Aug-04-2016 - Githubissues

azhe825 commented 7 years ago

Baseline Results and possible improvements

In the scenario of

fixed pool
no external knowledge from experts
labels are all correct

Baseline from Biomedical #17

patient_aggressive_undersampling

Baseline from Litigation #16

hasty_continuous_active

Conclusions drawn:

aggressive undersampling is effective
need patients if aggressive undersample

Two current winners:

hasty aggressive undersampling, if just need around 80% recall, 5% docs reviewed. (Has a stable classifier in the end, but stops learning)
patient continuous active, achieve 100% recall at the cost of reviewing 20% docs. (May be more suitable to handle concept drift as it keeps learning)
Ten repeat result

Future work

Get more data sets to do experiment on. It would be best if one from biomedical, one from litigation.

timm commented 7 years ago

am i reading this right?

you can now improve on standard litigation methods using techniques taking from biomedical?

how does this comment on active learning + text mining in SE? if you did one case study from that domain, we can do an se pub

azhe825 commented 7 years ago

What I want to do for the paper is to borrow methods from biomedical and litigation, combine them to be a better one, apply to SLR in software engineering. The combined method itself can also beat the state-of-art in both biomedical and litigation, if possible.
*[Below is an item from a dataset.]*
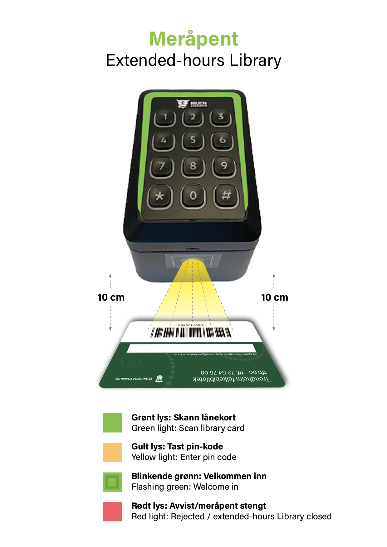 Bydelsbibliotekene Byåsen, Heimdal, Klæbu, Moholt, Ranheim, Risvollan og Saupstad er "meråpne" bibliotek. Det betyr at bibliotekene er tilgjengelige for besøkende utenfor normal åpningstid. Med oppgradert lånekort kan du bruke biblioteket mellom kl 7 og 23 hver dag, hele året, også på dager biblioteket er stengt. Sjekk åpningstidene for endringer i tilbudet.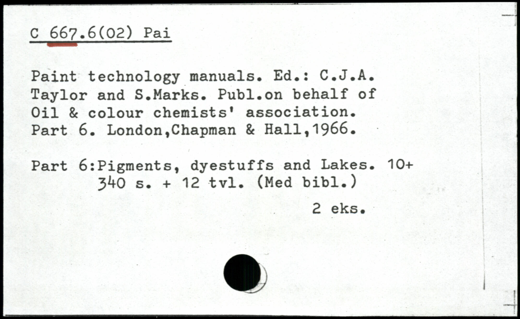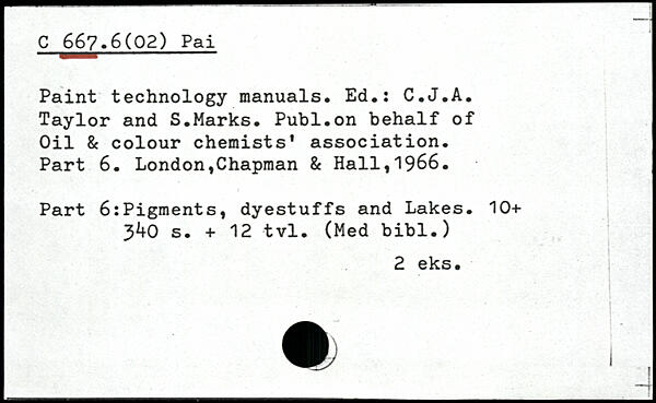 Paint technology manuals, Ed,: C.J.A. Taylor and S,Marks. Publ.on behalf of Oil & colour chemists' association. Part 6.

I am collecting all the efforts to facilitate Primary Study Selection in SLR, SE (referred to as Citation Screening in systematic review, biomedical engineering, and TAR in e-discovery, litigation).

What I found is that:

In Software Engineering community, most efforts are building tools to manage entire SLR process. One study uses Visual text mining (VTM), an unsupervised method to reduce cost of primary study selection. No active learning found. If this is true, it is kind of a blank spot in SLR.
In Biomedical Engineering, they start systematic review years before Software Engineering community. And machine learning applied to assist citation screening start from 2006. At 2010, Byron C. Wallace published his first attempt to apply active learning to assist citation screening, see #17. His method is the patient_aggressive_undersampling in our figure. He continues to explore citation screening by crowd-sourcing, multiple-experts... But the 2010 method is most suitable for a baseline here. Besides Byron C. Wallace, very few studies have been found on the topic (I found one using supervised learning, no comparison with any baseline, results are not good).
In e-discovery, the state-of-art would be hasty_continuous_active in our figure from #16. They have not been compared with Byron C. Wallace's work yet.

timm commented 7 years ago

when would i see SE results? something like your graph above but for stack overflow or george's lit review corpus or....
i take it the above graph is for one data set? need more
why is that the F1 IQR have that characteristic shape? it gets larger as median increases, then dives again. so IQR returning to near zero would be an early stopping criteria
you've got issues for biomedical and litigation. i take it these are lists of papers are arguable state of the art in those fields. what does the (currently missing) third issue report, for SE, look like?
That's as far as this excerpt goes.